About your regex in Javascript...

Btw, I'm not sure that the regex you tried would have given you the desired output in Javascript, either. The lookahead was around the whole expression, so nothing is matched, and the \d and \. were over-escaped. I find RegExr to be a great tool for debugging (and learning about) regular expressions, especially because of its "explain" feature. Here's a test of the regex you tried: https://regexr.com/3oat4

Leon · April 22, 2018, 2:24pm

This will take care of the splitting, I will leave the intra-cell line breaks up to you

# Clear workspace
rm(list=ls())

# Load libraries
library('tidyverse')
library('readxl')
library('openxlsx')

# Set functions
do_split = function(x, pattern = "\\d+\\.\\s{1}"){
  if( is_tibble(x) ){ x = pull(x) }
  num_bullets = x %>% str_extract_all("\\d+\\. ") %>% unlist
  x %>% str_split(pattern) %>% unlist %>% .[.!=""] %>% str_c(num_bullets,.) %>%
    list %>% return
}

# Read data
d = read_excel(path = '~/Desktop/master.xlsx')

# Wrangle data
o = d %>%
  mutate(Result = Result %>% do_split, Steps  = Steps %>% do_split) %>%
  unnest(Result, Steps)

# Write data
write.xlsx(x = o, file =  '~/Desktop/out.xlsx')
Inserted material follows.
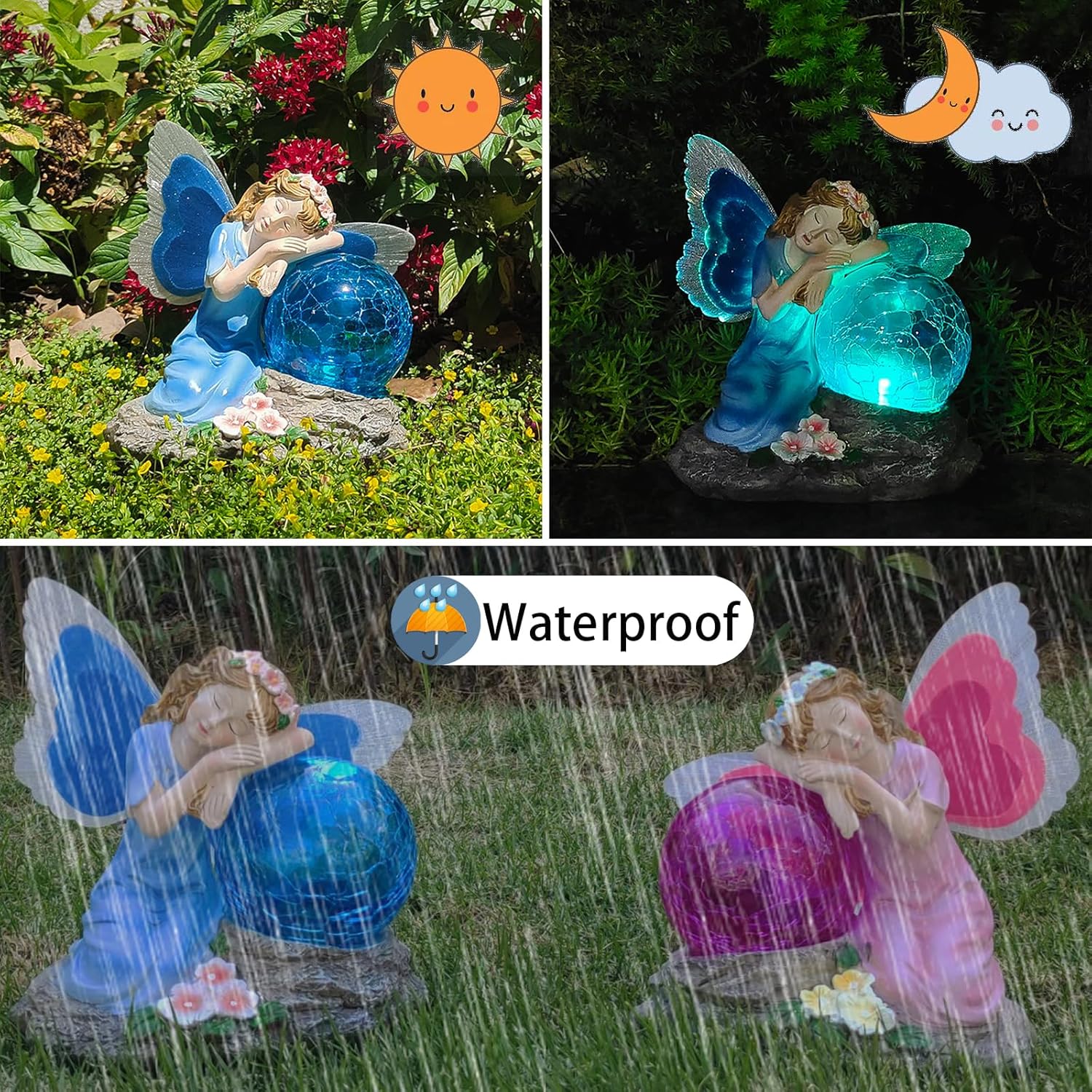 • Enhance your outdoor and garden with enchanting solar fairy decor. Wings and glass spheres glow with colorful colors at night! perfect for garden ornaments for outside garden and fairy garden accessories outdoor.

jcblum · April 22, 2018, 3:03pm

for a solution that frees the OP from the limitations of the package they were using! It had not occurred to me that a clever application of list columns could replicate the really valuable part of what that package was doing. Really nice.

(But, um, you might want to keep a fire extinguisher handy if you see Jenny Bryan coming...)

Leon · April 22, 2018, 4:45pm

(Know about the workspace controversy - Not entirely convinced )

Sherif · April 23, 2018, 8:47am

thank you so much for clarifying that and for putting an effort to help and finding alternative solutions, i appreciate it!

Sherif · April 23, 2018, 8:48am

Thank you, you are definitely a life saver

Leon · April 23, 2018, 10:09am

No prob, glad to help! Make sure you understand what I did, so that you might safe yourself in the future

Sherif · April 24, 2018, 9:23am

I am actually not sure if i entirely get the function, as i wanted to see if i can change it a little, because while i was trying with an input data that looks like this, the behaviour is that it would output a file like this, instead of the desired output which is this. I'm not sure why this behaviour happens.